=== Records provided ===
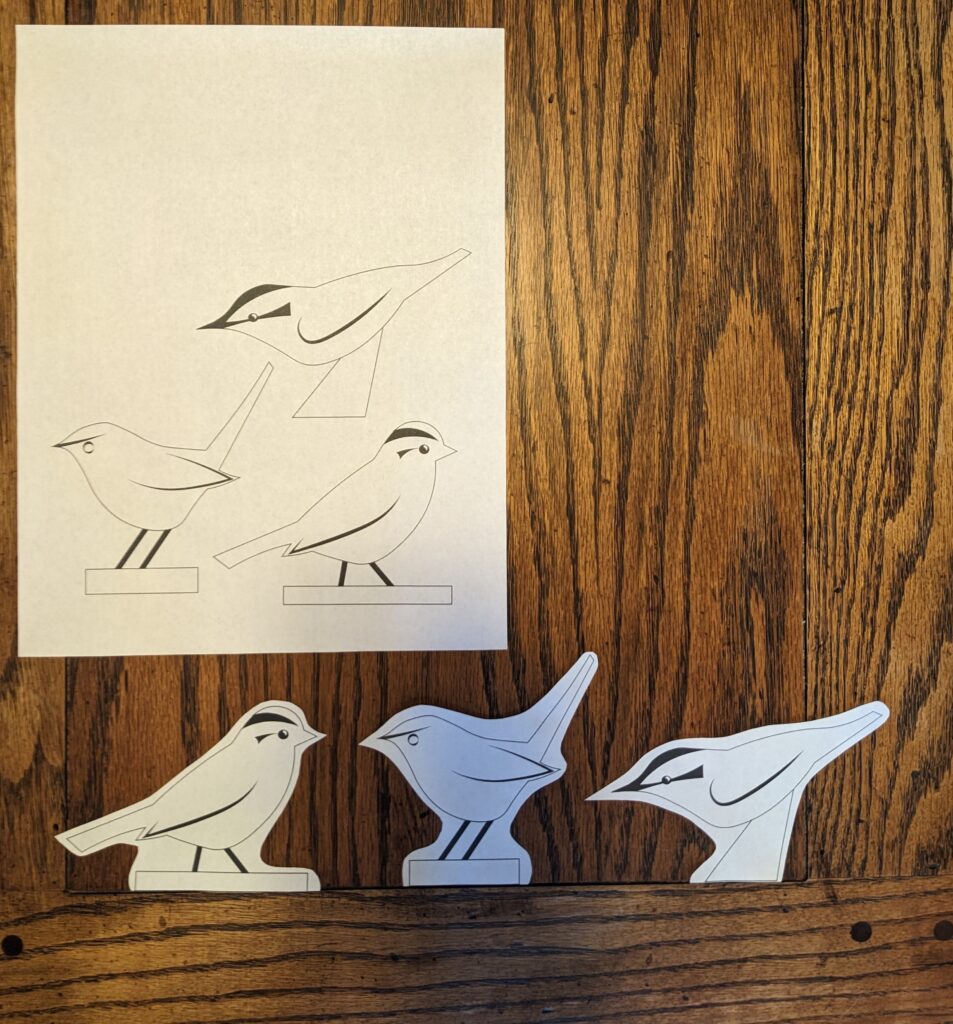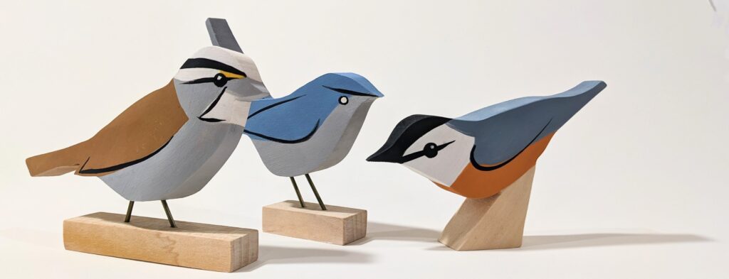 I gave the sparrow and gnatcatcher wire coat-hanger legs and maple bases. The maple was heavy enough compared to the basswood that the birds balanced fine and I didn’t need to add any weight.
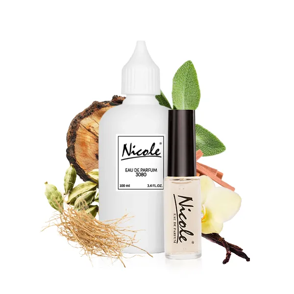 Nicole 3080 należy do kategorii zapachów drzewno-aromatycznych. Kompozycja otwiera się świeżymi nutami szałwii i kardamonu, które nadają zapachowi energetyczny początek. W sercu rozwija się absolut narcyza oraz kwartet wetiweru z Haiti, Urugwaju i Madagaskaru, wprowadzając głębię i zmysłowość. Baza złożona z cedru, australijskiego sandałowca i wanilii z Madagaskaru tworzy ciepłe, otulające zakończenie, które pozostaje na skórze przez długi czas.
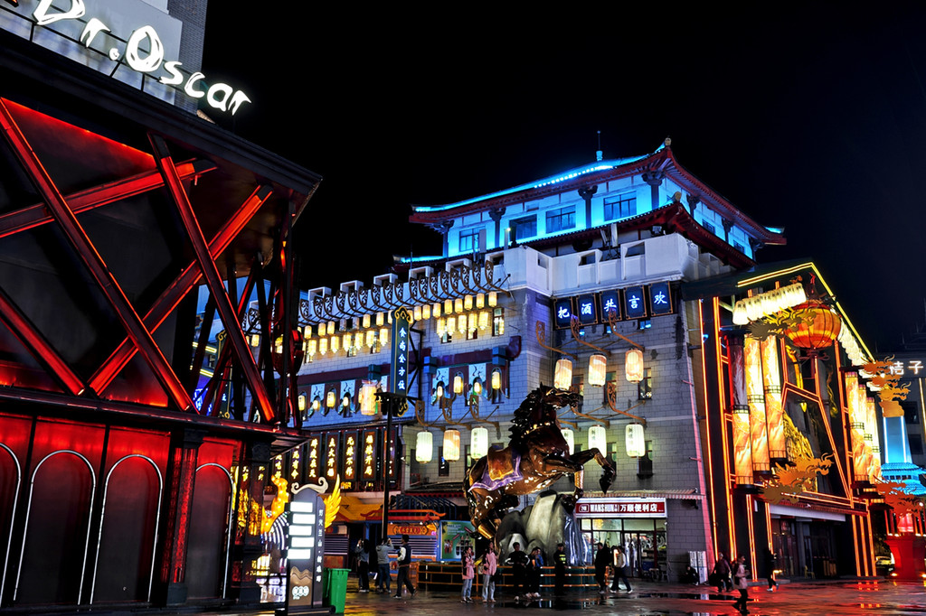 熠熠的灯光与街道上古老的建筑,还有各种特色店铺装潢交相辉映。街道两侧的店铺,张扬又独特。
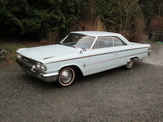 1963 1/2 Ford Galaxie 500 XL Fastback in Glacier Blue with Blue interior, 352 big block, 3 speed auto. All original unmolested 70,000 mile car. I am the third owner. Bought new in Seattle. This is a superb example of this iconic car. The engine and trans were rebuilt at 61,000 miles and are completely stock even down to the original type hoses. There is no rust anywhere on this car. The last owner ( grandson of the original owner ) said he hadn't out in the rain since he bought it in 1991. The car was babied and neither he or his grandfather wanted to paint the car in the damaged areas. Choosing to leave the car all original. The interior is totally original and in excellent condition. The trunk mat is original and shows some wear, the cardboard side panels are in great shape. I put new tires on last week and elected to put the blackwall out. There is a picture of the car with whitewalls if that's your preference. This car is ready to go, it runs and drives great. If you have any questions, would like to see the car in person or need to see more pictures please contact me. Paul 360-632-1016 or by email
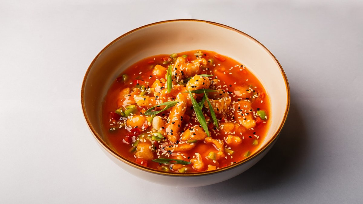 Жареные тигровые креветки. Подаются в кисло-остром соусе
===
-- Exercise directions --
Would you repeat the material exactly, keeping out any pictures?

-- Result for this exercise --
 I gave the sparrow and gnatcatcher wire coat-hanger legs and maple bases. The maple was heavy enough compared to the basswood that the birds balanced fine and I didn’t need to add any weight.
 Nicole 3080 należy do kategorii zapachów drzewno-aromatycznych. Kompozycja otwiera się świeżymi nutami szałwii i kardamonu, które nadają zapachowi energetyczny początek. W sercu rozwija się absolut narcyza oraz kwartet wetiweru z Haiti, Urugwaju i Madagaskaru, wprowadzając głębię i zmysłowość. Baza złożona z cedru, australijskiego sandałowca i wanilii z Madagaskaru tworzy ciepłe, otulające zakończenie, które pozostaje na skórze przez długi czas.
 熠熠的灯光与街道上古老的建筑,还有各种特色店铺装潢交相辉映。街道两侧的店铺,张扬又独特。
 1963 1/2 Ford Galaxie 500 XL Fastback in Glacier Blue with Blue interior, 352 big block, 3 speed auto. All original unmolested 70,000 mile car. I am the third owner. Bought new in Seattle. This is a superb example of this iconic car. The engine and trans were rebuilt at 61,000 miles and are completely stock even down to the original type hoses. There is no rust anywhere on this car. The last owner ( grandson of the original owner ) said he hadn't out in the rain since he bought it in 1991. The car was babied and neither he or his grandfather wanted to paint the car in the damaged areas. Choosing to leave the car all original. The interior is totally original and in excellent condition. The trunk mat is original and shows some wear, the cardboard side panels are in great shape. I put new tires on last week and elected to put the blackwall out. There is a picture of the car with whitewalls if that's your preference. This car is ready to go, it runs and drives great. If you have any questions, would like to see the car in person or need to see more pictures please contact me. Paul 360-632-1016 or by email
 Жареные тигровые креветки. Подаются в кисло-остром соусе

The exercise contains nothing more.